Women constitute an important segment of the Indian labor force whose working conditions have not made significant progress. Despite some noticeable advances for a small percentage of women, women as a whole have been relegated largely to agricultural and menial pursuits that pay the lowest wages. In some ways, as the overall economy has grown, the situation of working women in India has even deteriorated. In 1911, for example, three-quarters of the working women of India were agricultural workers; in 1991, the proportion was over 80 percent. Nearly 70 percent of the population as a whole derives its livelihood from land resources, and women contribute an estimated 55 to 66 percent of the total farm labor force. [1]
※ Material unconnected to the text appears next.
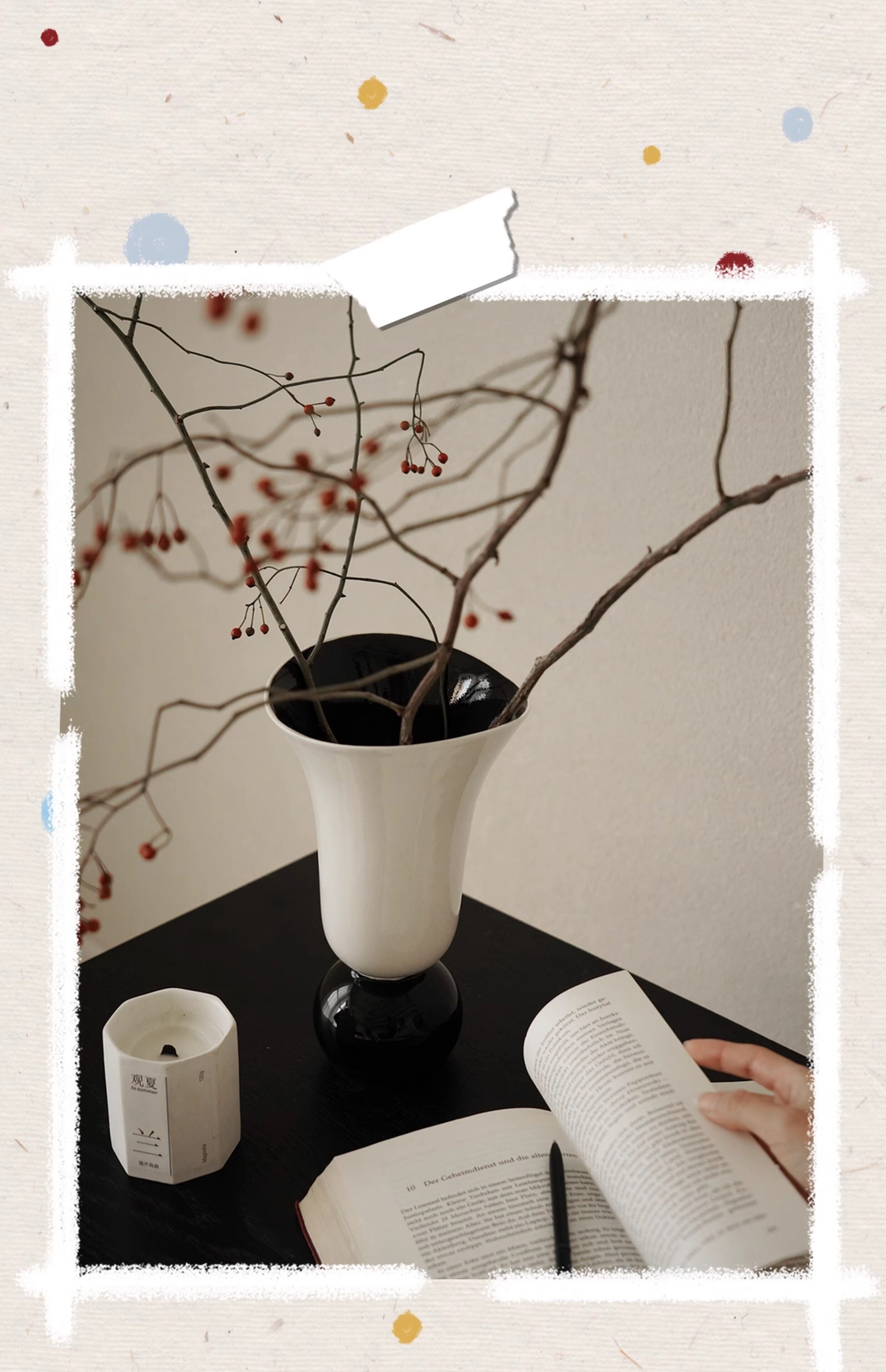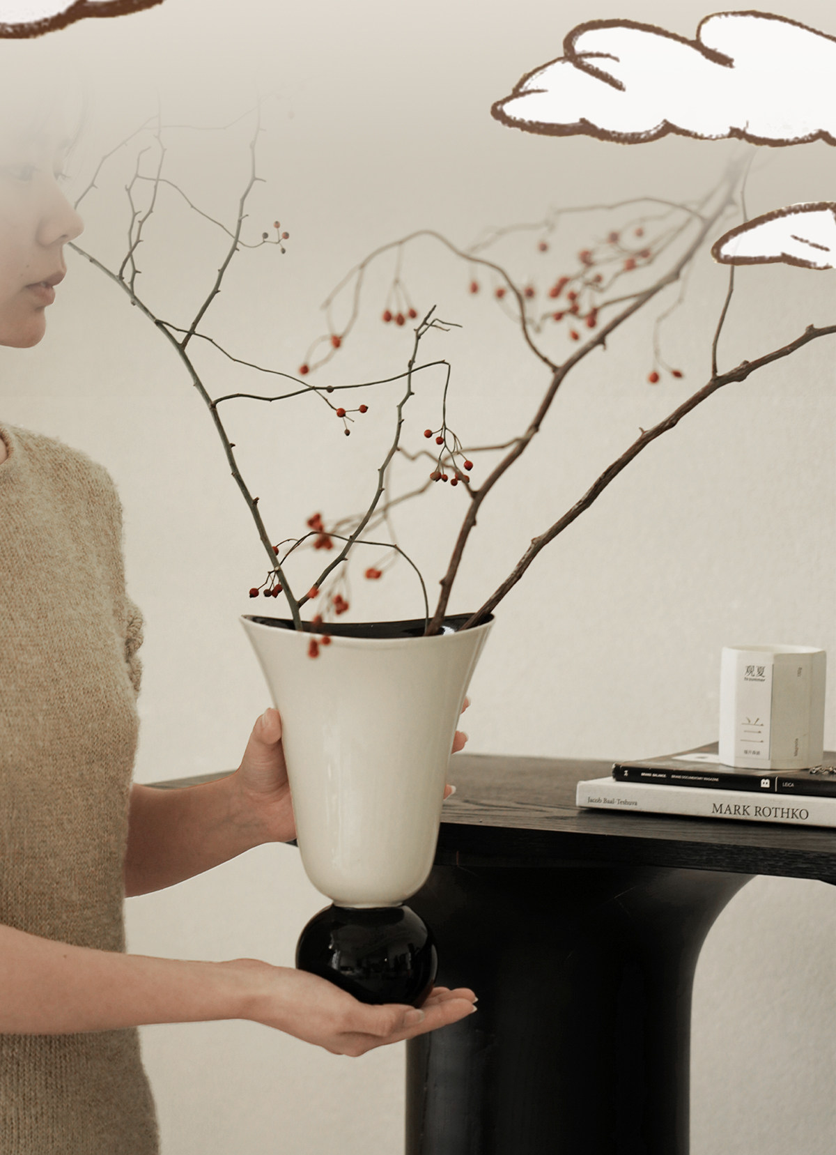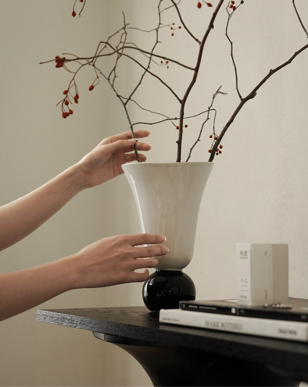 纳茉原创设计奶油拼色中古陶瓷花瓶餐厅客厅桌面摆件水培鲜花花器

The lockdown has forced us to think specifically about migrants, whether they are skilled or unskilled workers, blue-collar workers or white-collar workers. All migrants face difficulties. Appropriate facilities should thus be created at all places to address their problems. There is a need to match demand and supply for their skills, and the employers have to be sensitive enough to create required facilities for them. Hence, a law is needed to deal with any adversities that the migrant workers may confront in future in a holistic manner. Migrant workers must be able to believe that this is a country for all, without any discrimination. They do not require mercy; they should be allowed to live with dignity.
A welfare fund for the unemployed [2] Gurcharan Das, a renowned author and the former CEO of Procter and Gamble India said that India needs a model that protects its workers — a labor welfare fund that can help the workers with some protection when he loses his job. “I was talking about having a labor unemployment fund where contribution has to come from the employer and the government every year. If its 10 years, then that fellow gets 10 years funding,” he said. For instance in Denmark, you can hire a person in the morning and fire in the evening. Once you fire him, he goes to a labor unemployment fund, and he’s supported by that fund until the 21st day. And then, he has to report at the labor office to either accept the job that they give him or go for training for another job. If he doesn’t do that, then the employment fund finishes.
Some state government including Uttar Pradesh (U.P.) and Madhya Pradesh (M.P.) have proposed ordinances to exempt manufacturing establishment from the purview of most of labour law. Labour is a concurrent subject, in which the Central law and the states can make laws. Where there is any conflict between a central law and a state law on the same subject, the central law will prevail. If some of the laws sought to be suspended have a central counterpart, the suspension is open to legal challenge. While Uttar Pradesh has retained compensation for disability caused at work, the Vizag gas leak shows occupational safety brooks no compromise.